Po tym jak tajlandzkie służby przeszukały tzw. Świątynię Tygrysa, na miejscu okazało się, że w zamrażarkach przetrzymywano 40 martwych tygrysich kociąt, natomiast kolejne 30 znajdowało się w słojach. Znaleziono również około 1000 amuletów wykonanych ze skóry tygrysa. 

Ośrodki hodowli tygrysów nie wspierają ochrony tygrysów – tłumaczy Paweł Średziński z WWF Polska. – Ich działalność stanowi przykrywkę dla nielegalnego handlu. Jednocześnie prowadzą działalność komercyjną, przyciągając turystów, również z Polski. Wszystko to odbywa się kosztem dzikich zwierząt, które są okaleczane, wyrywa się im pazury i zmusza do zapewnienia rozrywki.

Należy pamiętać, że prywatne ośrodki hodowli tygrysów nie prowadzą ksiąg rodowodowych. Nikt nie wie, do jakich podgatunków należą, dlatego nigdy nie będą mogły być wykorzystane, jeśli zaistniałaby potrzeba wprowadzenia ich do natury. Jednocześnie stanowią niebezpieczny precedens. Próby legalizacji handlu tygrysami i produktami z nich wykonanymi, pod warunkiem, że będą pochodziły z hodowli, otworzyłoby drogę do wprowadzania na rynek zabitych przez kłusowników tygrysów.

Szacuje się, że w ośrodkach hodowli w Azji przetrzymuje się obecnie od 7 do 8 tysięcy tygrysów. To znacznie więcej niż w przypadku tygrysów żyjących w naturze – ich liczebność jest szacowana na około 3900 osobników. 

Co możemy zrobić, aby pomóc tygrysom? Nie odwiedzajmy parków dzikich zwierząt, w których są przetrzymywane tygrysy. W ten sposób nie będziemy odpowiedzialni za ich wyginięcie. Zwracajmy też uwagę na ośrodki istniejące poza Azją. Jeśli park dzikich zwierząt zachęca nas białymi tygrysami, to musimy zdawać sobie sprawę, że jest to efekt chowu wsobnego, sztucznie podtrzymywanego przez człowieka. Takie działania nie mają nic wspólnego z ochrona tygrysów. Służą wyłącznie zwiększeniu dochodów właścicieli parków i ogrodów, a także wzbogaceniu “egzotycznej kolekcji gatunków”.

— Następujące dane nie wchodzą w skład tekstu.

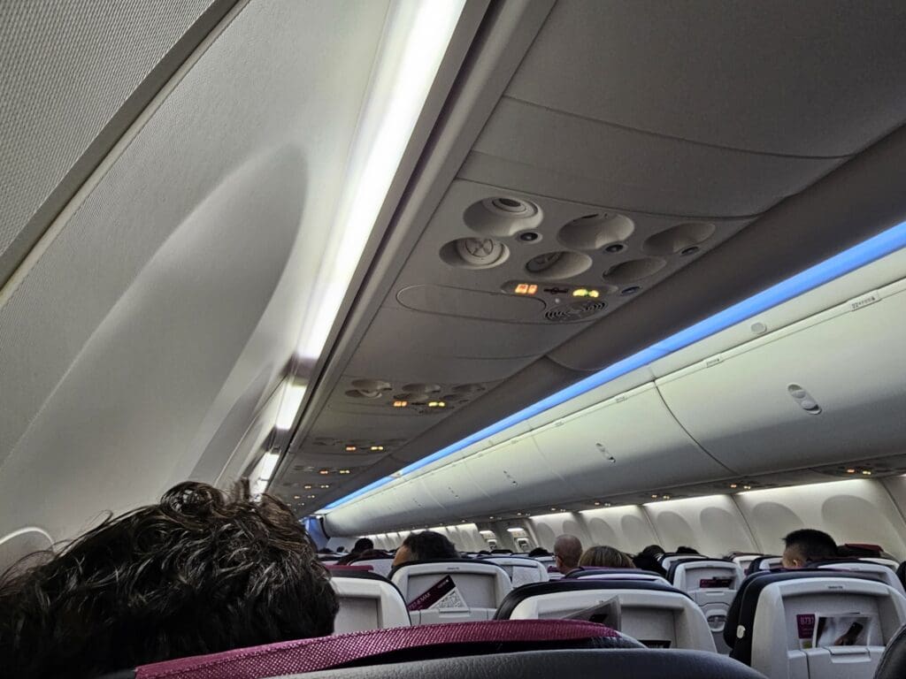 A short time after sitting down, a fellow passenger took the middle seat and slowly but surely, the cabin began to fill up. As passengers made their way onto the aircraft, one of the flight attendants made the occasional announcement regarding stowing luggage correctly and the prohibition of smoking and vaping onboard. Around thirty minutes after boarding had commenced, boarding was announced as complete and at a rough guess, I would say that around 85% of seats in Economy ended up being filled. That morning, passengers seemed to hail from all over the world, with no one single dominant nationality. Turning to the crew that morning, these hailed from Eastern Europe, the Philippines and South Asia.

Możemy też wesprzeć projekt ochrony tygrysa malajskiego – dodaje Średziński. – Dzięki przekazanym WWF Polska środkom, w rejonie kompleksu leśnego Belum-Temengor, są prowadzone działania na rzecz walki z kłusownictwem i ochroną siedliska tygrysów. W terenie działają patrole WWF, a obecnie trwa liczenie tygrysów z tej najważniejszej ostoi tygrysów malajskich. 

Tygrys malajski jest jednym z pięciu podgatunków tygrysa, które przetrwały do naszych czasów. Jego liczebność szacuje się zaledwie na 250-320 osobników.